In this case we discover that there's a very interesting way in which light can be polarized.

And that light is associated with something called Brewster's angle.

It was discovered that when light shines onto a surface, like a boundary, some of the light will be transmitted, or refracted as we should say, and some of the light will be reflected.

So part of the light will be reflected off the surface, part of the light will be transmitted or refracted through the surface.

And of course, if there's a difference in the index of refraction, if this is N1 and N2, and N2 is larger than N1, we realize that if we then draw the normal to the surface, that the angle of incidence, theta sub 1, is going to be larger than the refracted angle, theta sub 2.

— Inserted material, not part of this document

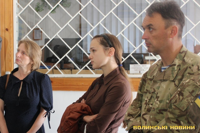 Жінку прийняв виконувач обов’язків обласного військового комісара майор Руслан Яцій. Він зазначив, що керівництво нині перебуває у Володимирі-Волинському, у 51 ОМБ, куди повернулося чимало військових.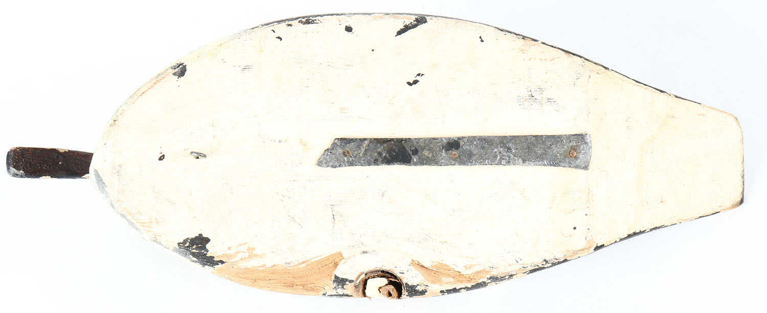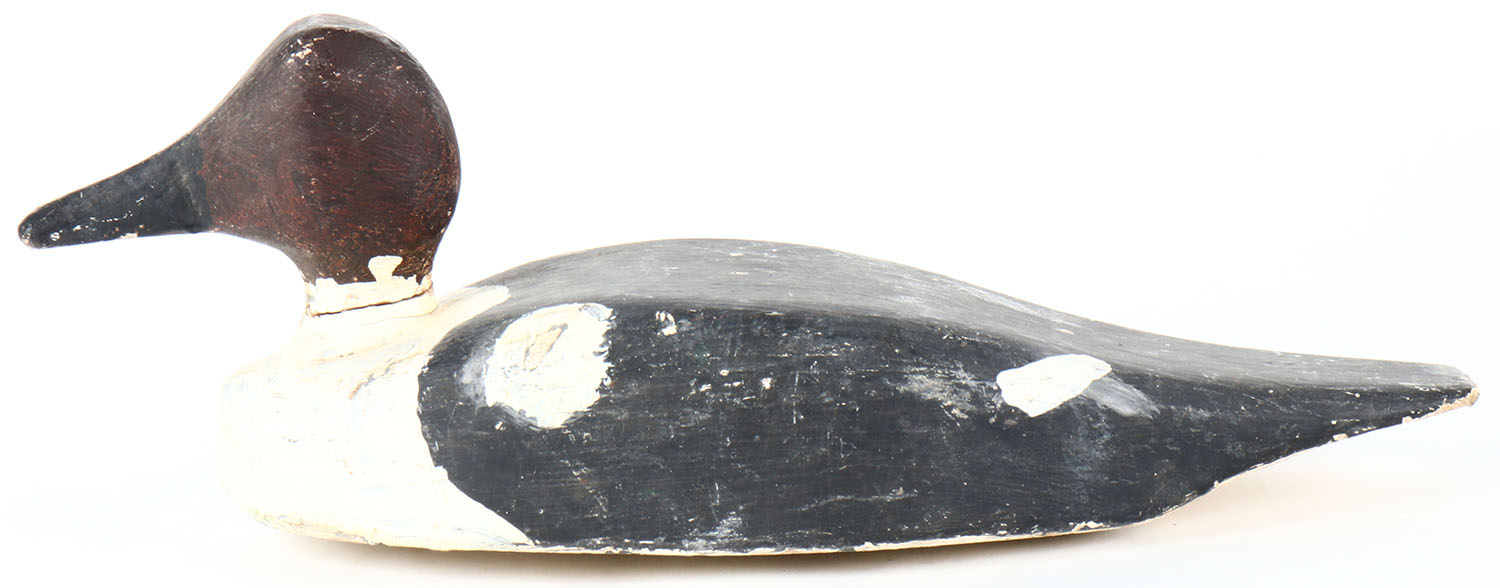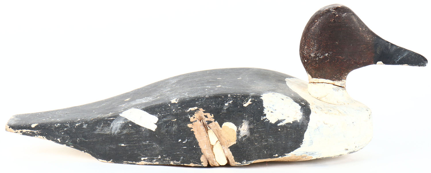 Goldeneye Hen by unknown maker, no eyes, solid wood, original paint, neck is broken, has crack on right side of body. Grade: Very Good - Value: 40 to 80

And it turns out that if the light, which is unpolarized as it approaches the boundary, gets reflected in such a way that the angle between the reflected and the refracted angle is equal to 90 degrees, then the light that gets reflected will be completely polarized, just like as if it went through a polarizer.

Now of course in this example you can see that it's not quite 90 degrees.

But if we have an example where the light comes in at just the right angle, so that it reflects in such a way that the refracted angle makes a 90 degree angle with the reflected angle, if this is equal to 90 degrees, then the light that is reflected is polarized.

Quite an interesting phenomenon.

And so the angle of the incident light is then considered Brewster's angle.

What is that angle?

What is the angle that it needs to be, that the inbound light is at relative to the normal of the surface so that the light that's reflected will be polarized?

And of course what we need to know is what n1 and n2 is.

And let's assume that this is air, so that n1 is equal to 1 for air.

And if this is, let's say, water, a smooth water surface, then n2 would be equal to 1.33.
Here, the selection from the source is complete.